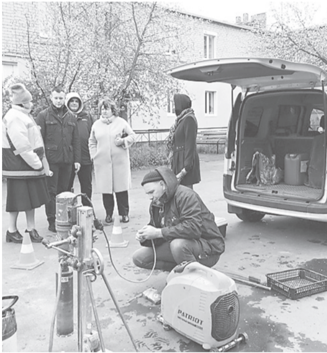
Технадзор контролирует качество работ
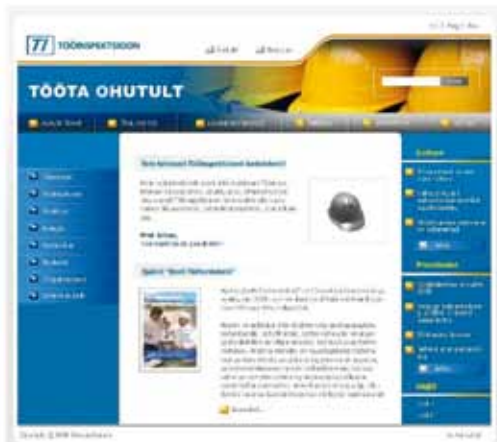
Tööinspektsiooni veebileht 2006. aastal.

Kodulehel leidis teavet töökeskkonna kujundamiseks ja ohutumaks muutmiseks nii tööandjale kui ka töötajale, samuti töökeskkonda ja töösuhteid käsitlevad seadused ja määrused, standardid, juhendmaterjalid, selgitused, kampaaniate tutvustused, töökeskkonda ja inspektorite tööd puudutav statistika alates 1997. aastast.
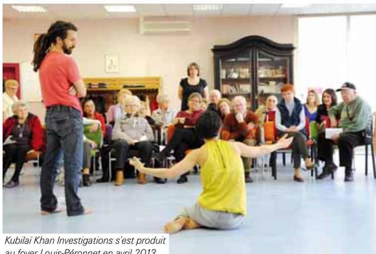
Kubilai Khan Investigations s'est produit au foyer Louis-Péronnet en avril 2013.
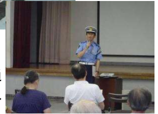
高齢者交通 安全教室→
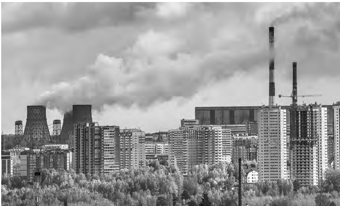
В XXI веке человечеству надо найти способ полностью прекратить выбросы углекислого газа в атмосферу, предупреждают новосибирские учёные.

22 мая 2001 года ряд стран приняли Стокгольмскую конвенцию для контроля обращения с СОЗ, сейчас к ней присоединились уже 185 стран, в том числе Россия. В Новосибирске на базе Института органической химии СО РАН действует национальный центр по Стокгольмской конвенции, в
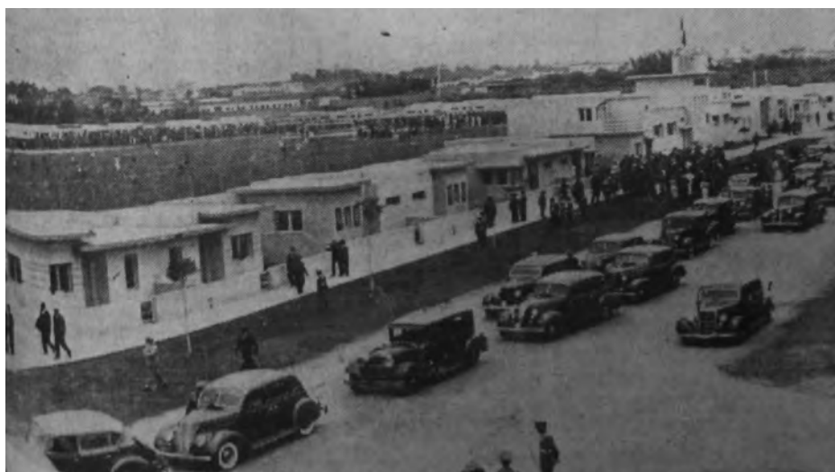
Barrio Obrero N. 1 (1937).

una cocina para carbón. La fachada exterior estaría revestida con cuarzo. El Estado suministraría el cemento Portland, los sanitarios, la cerrajería y la conexión al agua potable y desagüe. El concurso público lo ganó la Oficina Técnica Michel Fort.
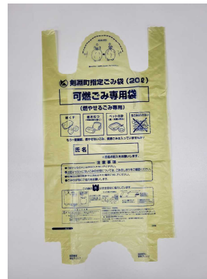
可燃ごみ専用袋 (有料)
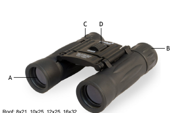
Roof: 8x21, 10x25, 12x25, 16x32
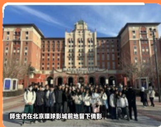
師生們在北京環球影城前地留下倩影
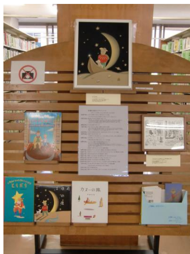
(伊藤正道氏原画展 F☆L104)
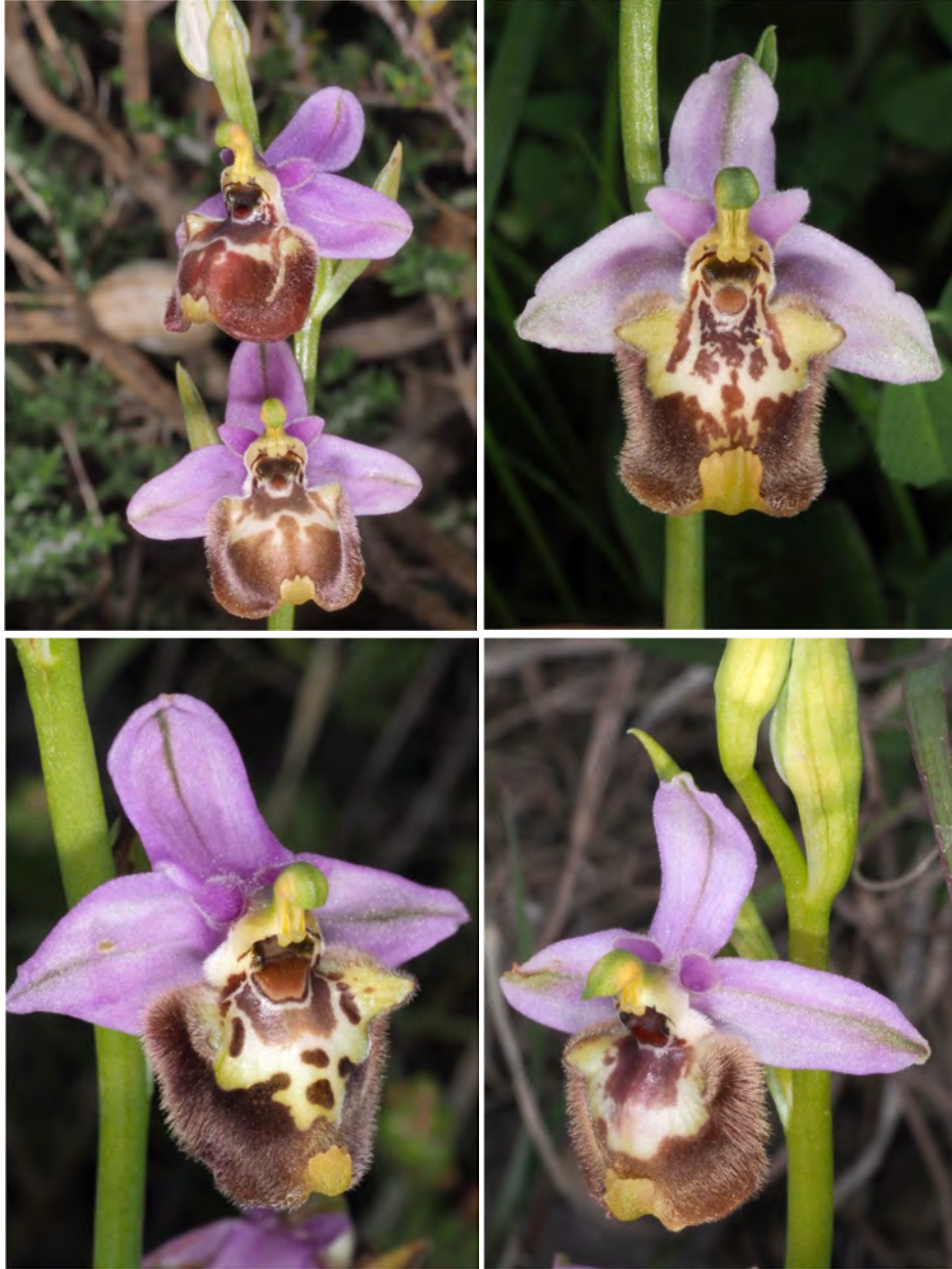
Ophrys candica subsp. candica
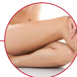
OPERATIVE HAUSTRAFFUNG | S. 33
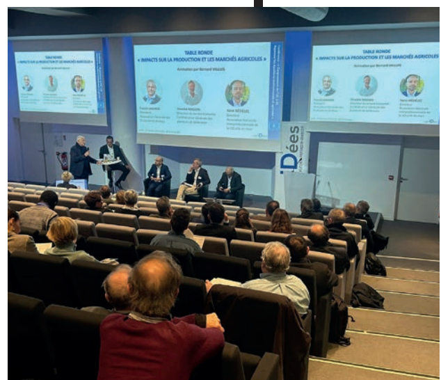
↑ Suivie d'une conférence, l'occasion de présenter la Note tout juste parue.
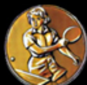
608 T. Tennis Da
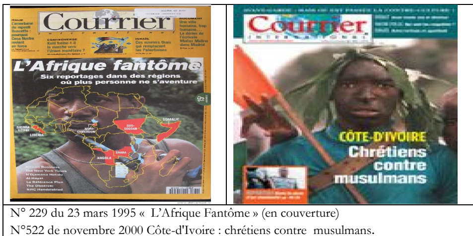
N° 229 du 23 mars 1995 « L'Afrique Fantôme » (en couverture)

Sur ces quinze titres, dix sont consacrés à des images de guerres. Nous en présentons deux ici sous le titre de « L'Afrique fantôme » et « la Côte d'Ivoire, chrétiens contre musulmans ».
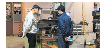
工業高校での実技指導の様子(機械加工(フライス盤))
────────────────
= Work required =
Once the line with "Barrio Obrero N. 1 (1937)." has been found above, output that line and every later line exactly, stopping after the line with "N° 229 du 23", and omit the pictures.

= Solution to the problem =
Barrio Obrero N. 1 (1937).

una cocina para carbón. La fachada exterior estaría revestida con cuarzo. El Estado suministraría el cemento Portland, los sanitarios, la cerrajería y la conexión al agua potable y desagüe. El concurso público lo ganó la Oficina Técnica Michel Fort.
可燃ごみ専用袋 (有料)
Roof: 8x21, 10x25, 12x25, 16x32
師生們在北京環球影城前地留下倩影
(伊藤正道氏原画展 F☆L104)
Ophrys candica subsp. candica
OPERATIVE HAUSTRAFFUNG | S. 33
↑ Suivie d'une conférence, l'occasion de présenter la Note tout juste parue.
608 T. Tennis Da
N° 229 du 23 mars 1995 « L'Afrique Fantôme » (en couverture)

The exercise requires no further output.